* **Directions**:
When copying the listing below, skip every picture and repeat exactly the lines from the first one through the line that contains "A box containing".

>>>>

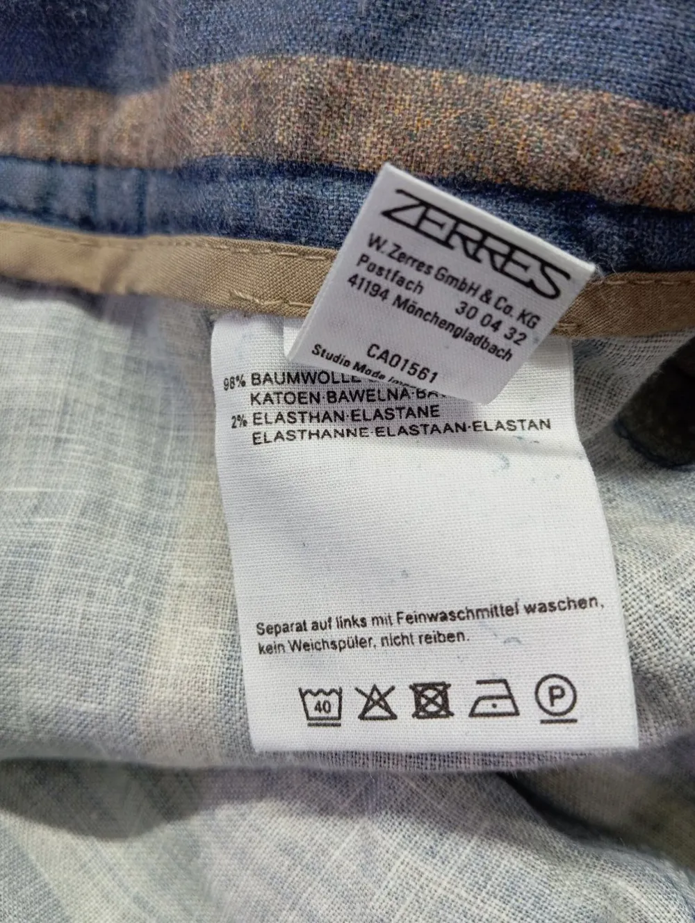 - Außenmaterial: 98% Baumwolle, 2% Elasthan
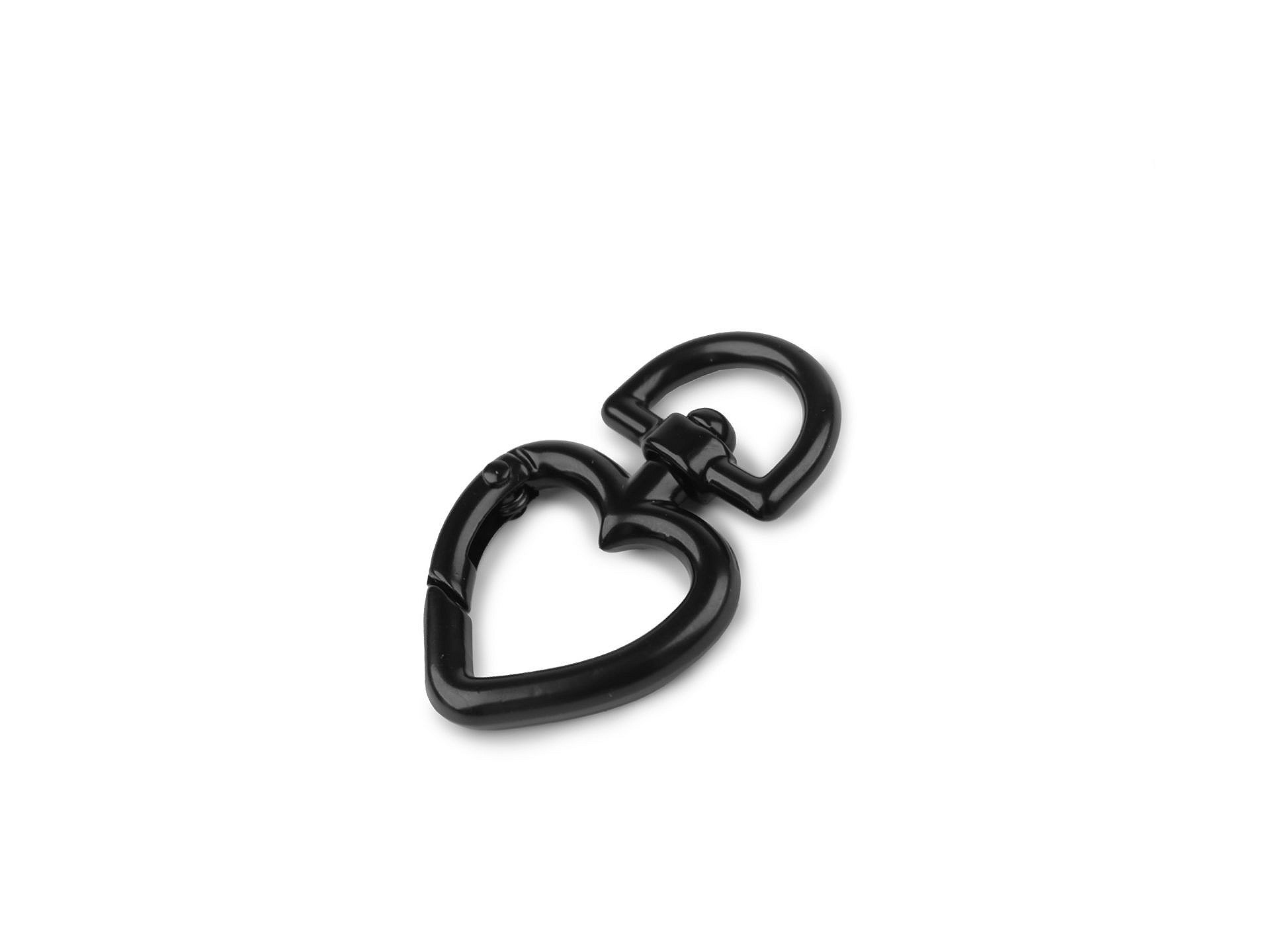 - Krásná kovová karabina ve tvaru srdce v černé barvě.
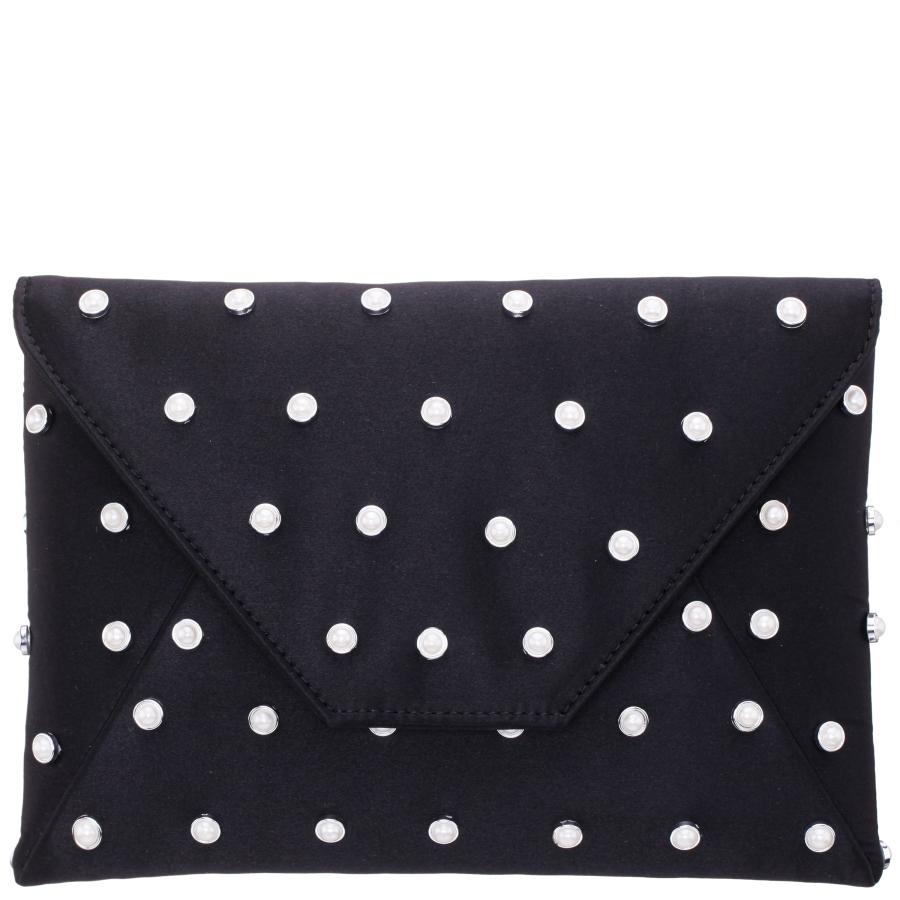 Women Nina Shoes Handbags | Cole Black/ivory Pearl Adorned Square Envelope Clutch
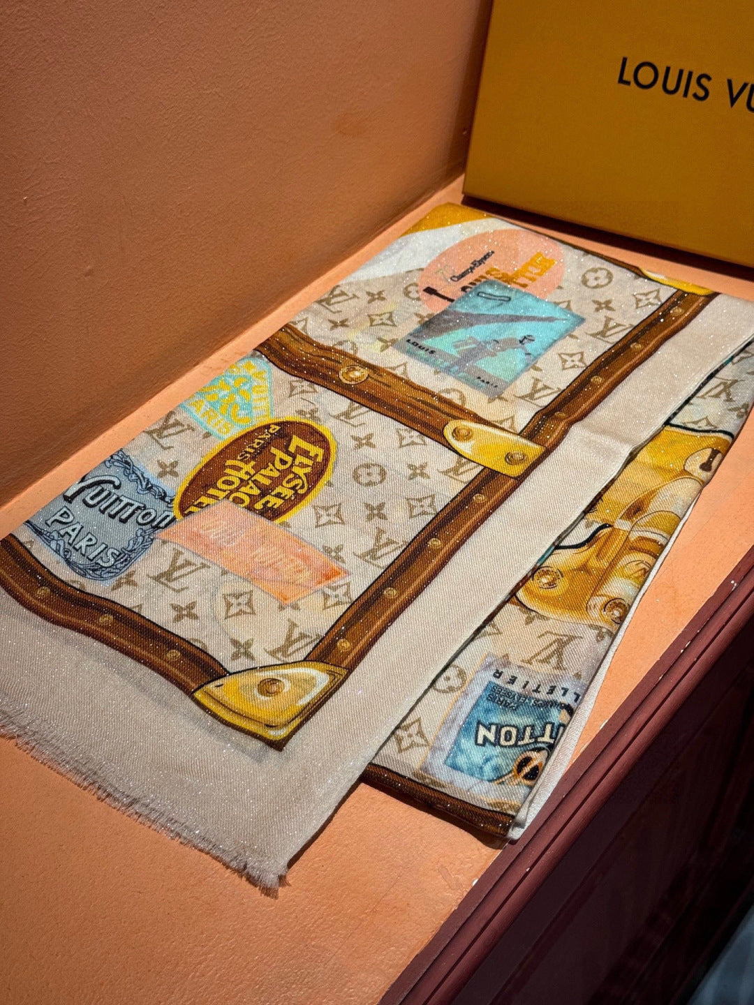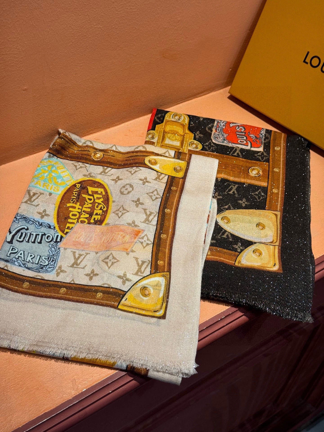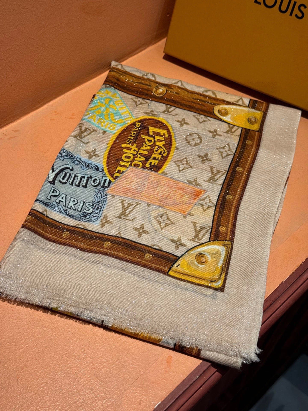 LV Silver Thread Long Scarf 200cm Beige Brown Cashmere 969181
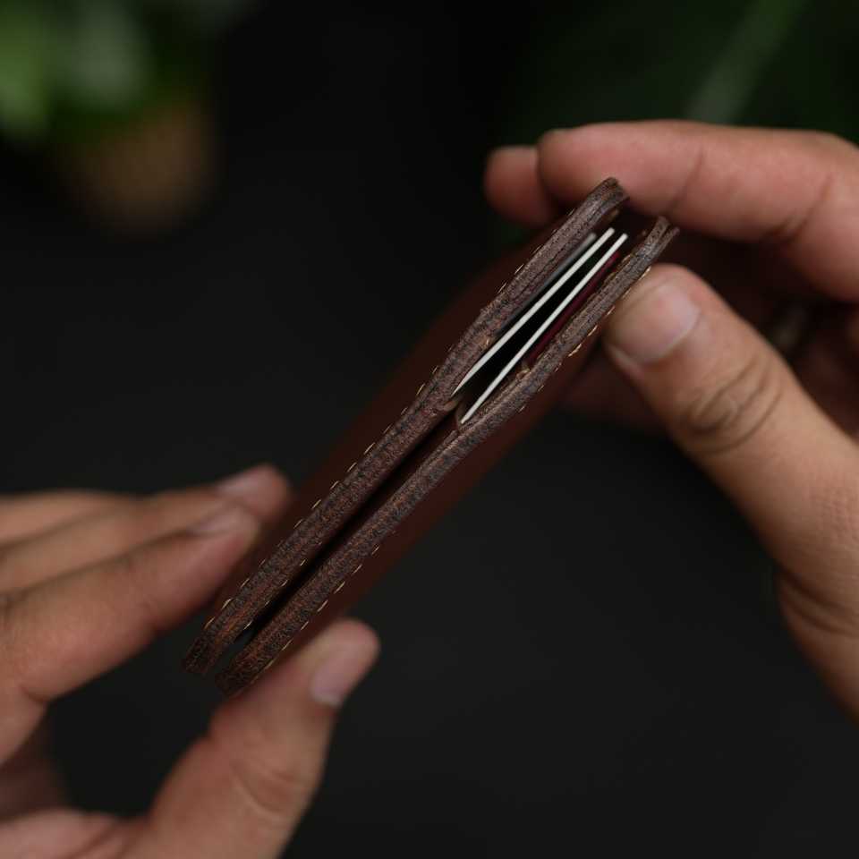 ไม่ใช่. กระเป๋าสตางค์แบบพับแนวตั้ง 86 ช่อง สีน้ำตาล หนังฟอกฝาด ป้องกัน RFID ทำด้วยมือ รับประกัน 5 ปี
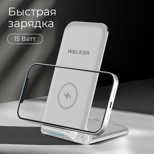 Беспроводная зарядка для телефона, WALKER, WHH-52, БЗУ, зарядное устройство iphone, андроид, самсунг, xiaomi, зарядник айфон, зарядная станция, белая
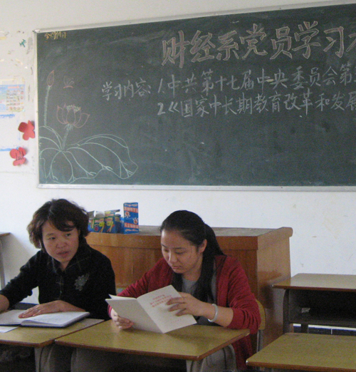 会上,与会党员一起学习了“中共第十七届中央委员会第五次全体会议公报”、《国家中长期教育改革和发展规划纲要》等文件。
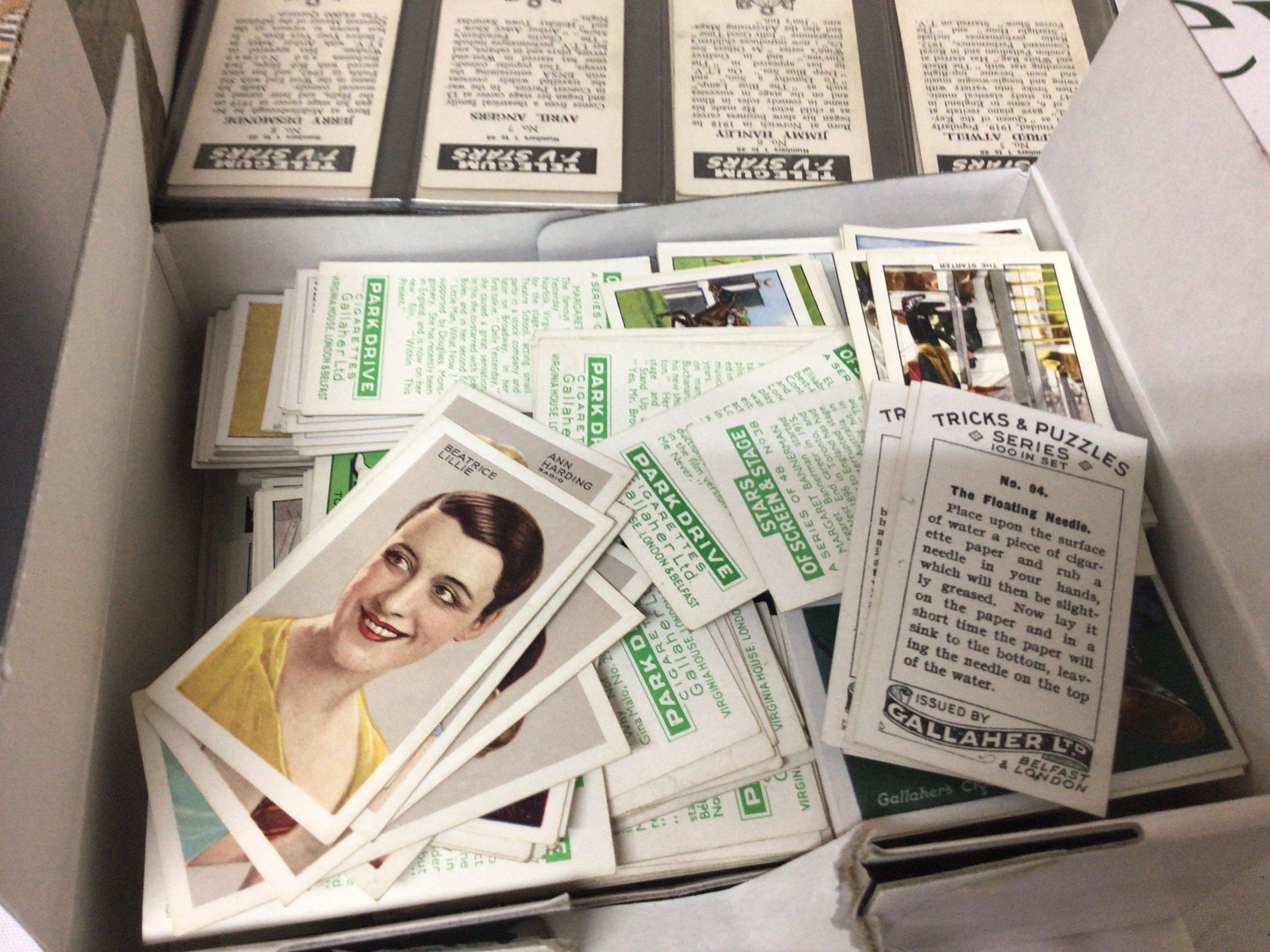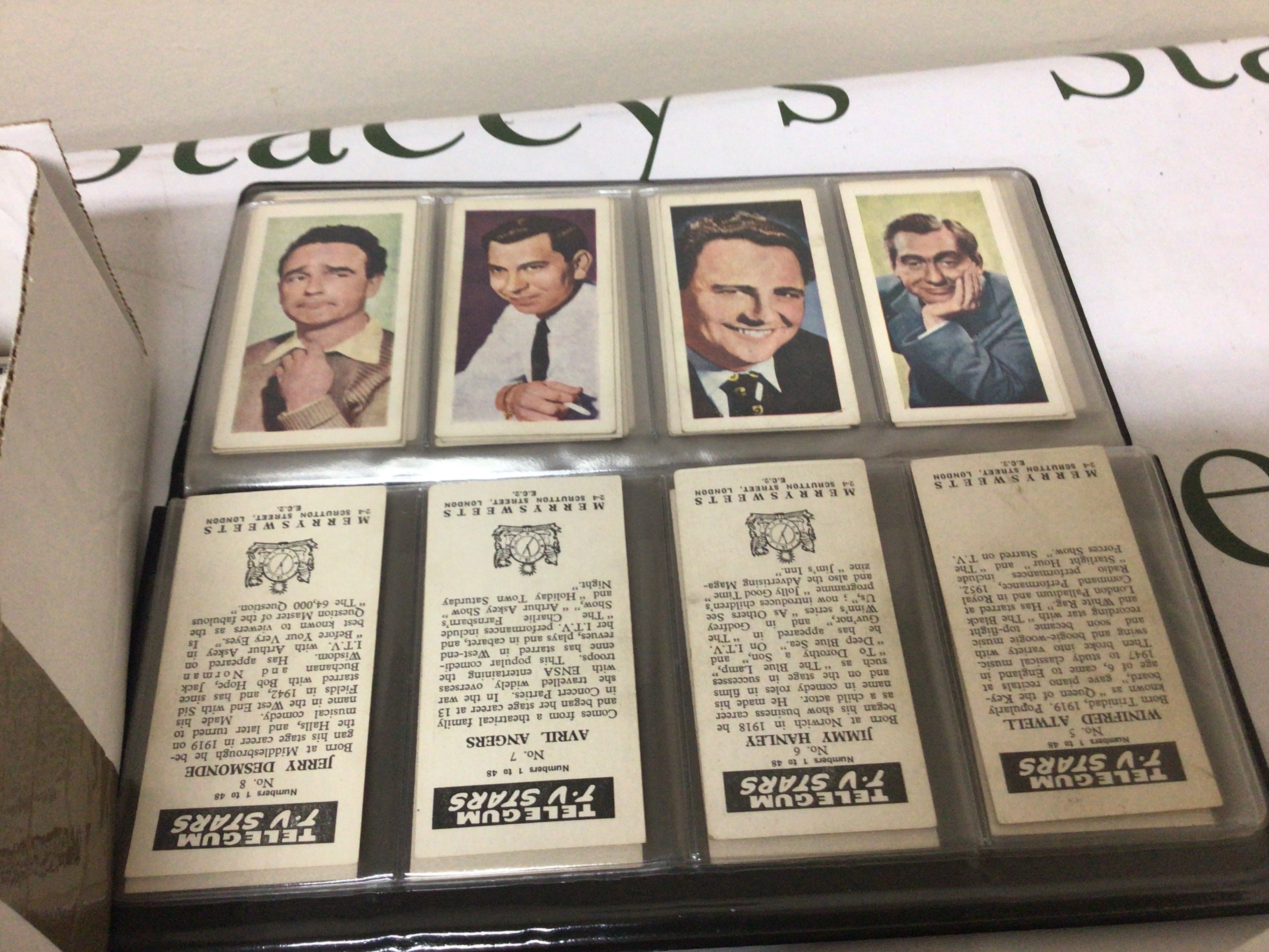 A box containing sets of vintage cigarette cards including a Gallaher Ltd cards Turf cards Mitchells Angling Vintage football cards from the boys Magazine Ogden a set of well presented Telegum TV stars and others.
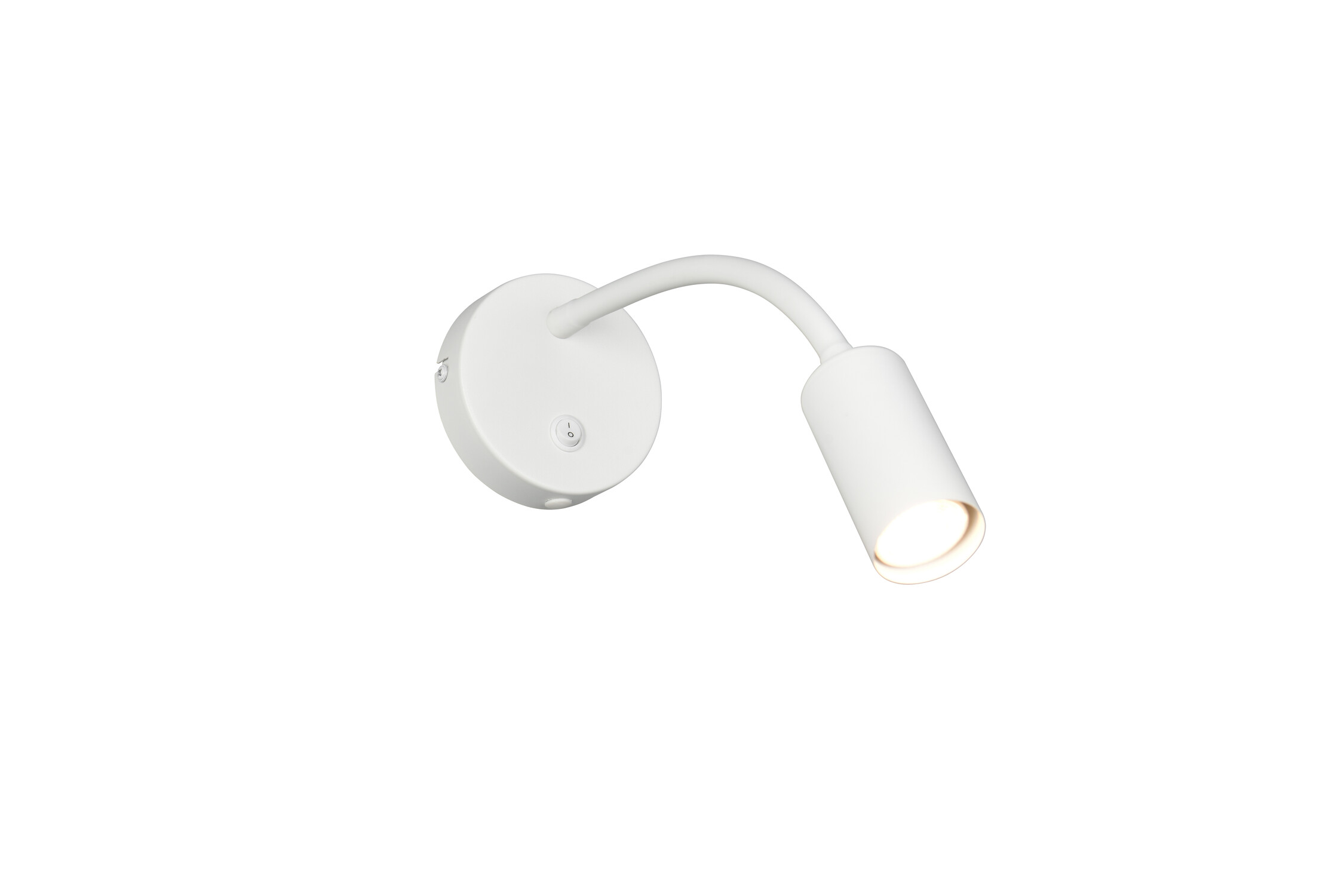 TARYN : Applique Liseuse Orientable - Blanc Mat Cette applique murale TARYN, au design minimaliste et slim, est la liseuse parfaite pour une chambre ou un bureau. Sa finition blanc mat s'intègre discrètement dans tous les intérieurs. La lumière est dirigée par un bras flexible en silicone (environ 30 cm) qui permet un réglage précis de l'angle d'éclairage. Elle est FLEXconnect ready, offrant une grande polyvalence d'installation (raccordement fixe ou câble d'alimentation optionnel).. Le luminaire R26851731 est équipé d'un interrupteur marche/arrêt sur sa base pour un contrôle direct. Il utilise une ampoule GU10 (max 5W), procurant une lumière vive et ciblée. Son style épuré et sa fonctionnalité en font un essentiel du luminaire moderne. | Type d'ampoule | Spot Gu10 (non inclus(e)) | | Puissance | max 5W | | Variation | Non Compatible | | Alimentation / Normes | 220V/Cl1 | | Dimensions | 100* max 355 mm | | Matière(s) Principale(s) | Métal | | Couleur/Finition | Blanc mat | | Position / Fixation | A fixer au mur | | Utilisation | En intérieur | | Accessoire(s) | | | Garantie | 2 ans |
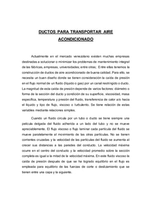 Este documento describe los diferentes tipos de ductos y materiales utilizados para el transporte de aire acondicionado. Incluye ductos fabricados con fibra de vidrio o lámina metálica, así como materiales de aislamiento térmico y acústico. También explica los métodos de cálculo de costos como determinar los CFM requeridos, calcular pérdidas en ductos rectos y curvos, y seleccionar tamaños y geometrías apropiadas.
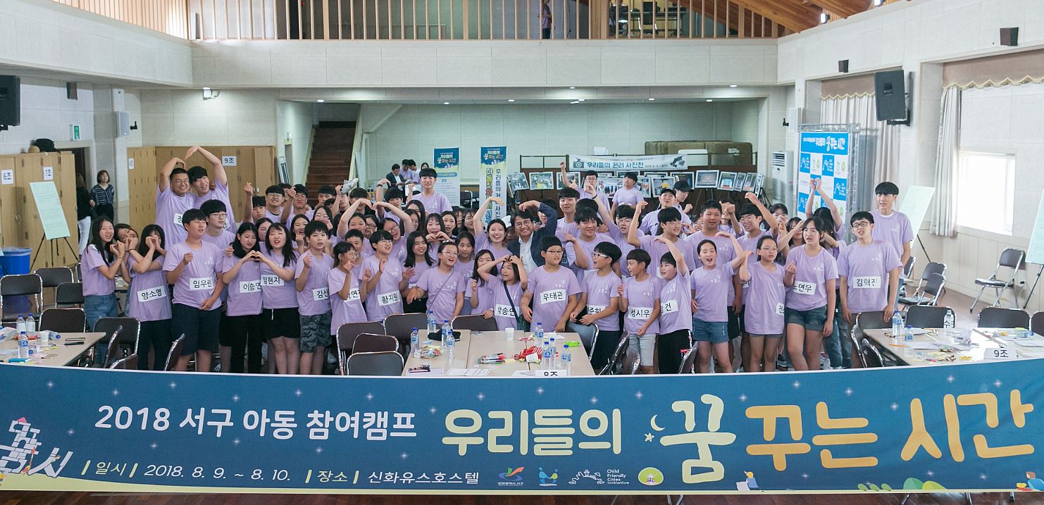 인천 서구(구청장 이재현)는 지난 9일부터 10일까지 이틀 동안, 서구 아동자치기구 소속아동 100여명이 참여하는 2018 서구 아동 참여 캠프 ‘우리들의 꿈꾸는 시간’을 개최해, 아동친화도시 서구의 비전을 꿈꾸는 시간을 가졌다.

<<<<

* **Expected answer**:
 - Außenmaterial: 98% Baumwolle, 2% Elasthan
 - Krásná kovová karabina ve tvaru srdce v černé barvě.
 Women Nina Shoes Handbags | Cole Black/ivory Pearl Adorned Square Envelope Clutch
 LV Silver Thread Long Scarf 200cm Beige Brown Cashmere 969181
 ไม่ใช่. กระเป๋าสตางค์แบบพับแนวตั้ง 86 ช่อง สีน้ำตาล หนังฟอกฝาด ป้องกัน RFID ทำด้วยมือ รับประกัน 5 ปี
 Беспроводная зарядка для телефона, WALKER, WHH-52, БЗУ, зарядное устройство iphone, андроид, самсунг, xiaomi, зарядник айфон, зарядная станция, белая
 会上,与会党员一起学习了“中共第十七届中央委员会第五次全体会议公报”、《国家中长期教育改革和发展规划纲要》等文件。
 A box containing sets of vintage cigarette cards including a Gallaher Ltd cards Turf cards Mitchells Angling Vintage football cards from the boys Magazine Ogden a set of well presented Telegum TV stars and others.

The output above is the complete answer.